ABOUT THIS EXERCISE: Given the records below, the lines starting at the line with "0697002 TITANIO 7x28" and ending at the line with "Cortona 1915. Chiesa" should be output exactly, both end lines kept and pictures left out.

TASK DATA:
= = =

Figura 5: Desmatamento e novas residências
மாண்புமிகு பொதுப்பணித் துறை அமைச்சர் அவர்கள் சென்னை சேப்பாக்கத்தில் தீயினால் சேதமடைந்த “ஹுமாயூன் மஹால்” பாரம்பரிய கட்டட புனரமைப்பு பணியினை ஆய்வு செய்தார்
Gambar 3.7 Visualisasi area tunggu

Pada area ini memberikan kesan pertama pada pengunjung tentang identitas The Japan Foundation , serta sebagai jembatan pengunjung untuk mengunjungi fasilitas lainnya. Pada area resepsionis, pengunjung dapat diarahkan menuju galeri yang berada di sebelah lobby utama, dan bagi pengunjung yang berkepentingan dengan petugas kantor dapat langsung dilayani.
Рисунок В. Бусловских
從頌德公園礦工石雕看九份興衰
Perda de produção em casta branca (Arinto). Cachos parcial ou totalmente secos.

= = =

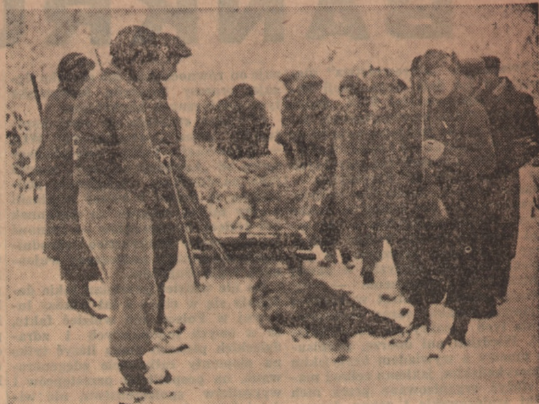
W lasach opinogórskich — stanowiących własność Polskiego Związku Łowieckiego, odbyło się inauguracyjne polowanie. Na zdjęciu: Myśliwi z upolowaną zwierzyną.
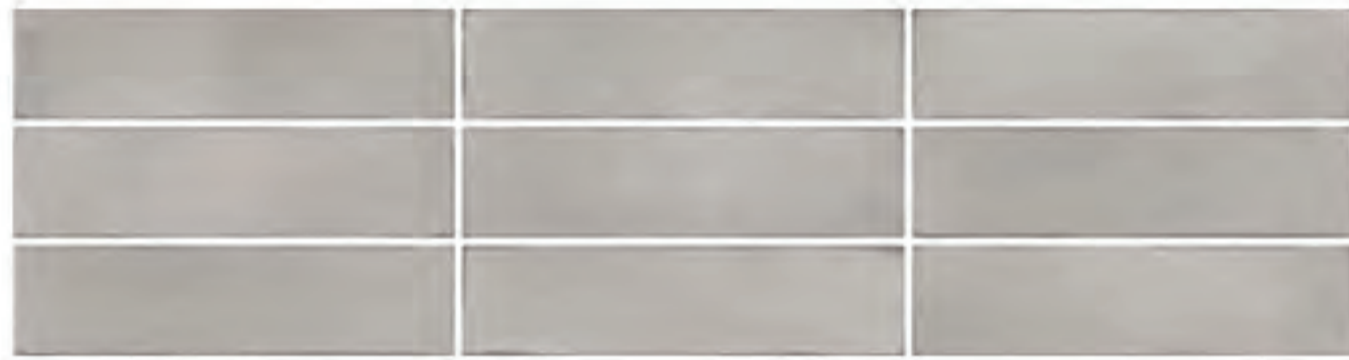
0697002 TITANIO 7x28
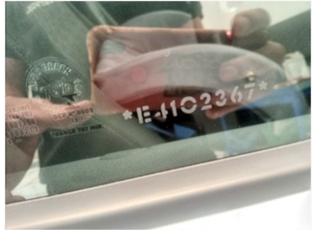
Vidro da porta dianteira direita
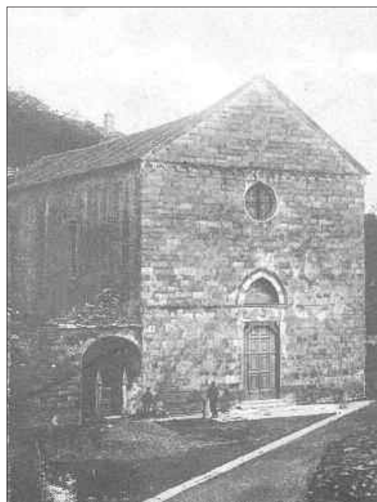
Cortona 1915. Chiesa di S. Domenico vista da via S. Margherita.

= = =

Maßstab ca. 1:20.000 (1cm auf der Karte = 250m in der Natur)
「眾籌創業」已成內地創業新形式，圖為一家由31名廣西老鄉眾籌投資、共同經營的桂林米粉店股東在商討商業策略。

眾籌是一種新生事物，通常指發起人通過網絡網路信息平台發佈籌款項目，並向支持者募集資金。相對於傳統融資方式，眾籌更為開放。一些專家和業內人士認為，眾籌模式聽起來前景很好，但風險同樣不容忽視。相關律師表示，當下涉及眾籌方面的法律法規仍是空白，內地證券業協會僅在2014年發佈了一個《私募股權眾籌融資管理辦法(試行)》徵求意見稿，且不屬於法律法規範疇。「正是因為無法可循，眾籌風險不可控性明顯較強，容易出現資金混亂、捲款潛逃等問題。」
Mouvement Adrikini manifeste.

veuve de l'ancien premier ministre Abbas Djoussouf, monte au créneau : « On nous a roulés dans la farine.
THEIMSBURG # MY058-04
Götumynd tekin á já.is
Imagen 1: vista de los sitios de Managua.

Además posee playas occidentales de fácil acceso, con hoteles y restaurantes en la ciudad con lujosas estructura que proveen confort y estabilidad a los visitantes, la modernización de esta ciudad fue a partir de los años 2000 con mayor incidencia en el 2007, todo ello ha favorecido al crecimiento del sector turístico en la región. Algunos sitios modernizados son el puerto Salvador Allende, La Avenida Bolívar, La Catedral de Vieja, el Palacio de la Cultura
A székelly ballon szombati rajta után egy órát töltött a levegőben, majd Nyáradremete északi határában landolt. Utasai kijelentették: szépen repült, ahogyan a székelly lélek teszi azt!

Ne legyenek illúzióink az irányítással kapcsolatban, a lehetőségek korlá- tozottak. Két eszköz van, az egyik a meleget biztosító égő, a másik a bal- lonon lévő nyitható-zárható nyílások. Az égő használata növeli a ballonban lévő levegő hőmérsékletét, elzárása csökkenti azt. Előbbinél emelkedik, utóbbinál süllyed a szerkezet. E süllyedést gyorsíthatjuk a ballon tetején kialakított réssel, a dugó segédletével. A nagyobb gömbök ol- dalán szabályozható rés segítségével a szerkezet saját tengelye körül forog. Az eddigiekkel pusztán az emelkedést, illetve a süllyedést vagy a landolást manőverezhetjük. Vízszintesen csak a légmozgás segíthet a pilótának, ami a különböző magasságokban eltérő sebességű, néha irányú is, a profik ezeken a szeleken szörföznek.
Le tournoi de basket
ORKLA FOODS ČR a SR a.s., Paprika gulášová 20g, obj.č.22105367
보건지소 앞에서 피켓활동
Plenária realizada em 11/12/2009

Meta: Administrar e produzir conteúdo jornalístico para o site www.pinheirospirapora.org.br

= = =

WRITTEN ANSWER:
0697002 TITANIO 7x28
Vidro da porta dianteira direita
Cortona 1915. Chiesa di S. Domenico vista da via S. Margherita.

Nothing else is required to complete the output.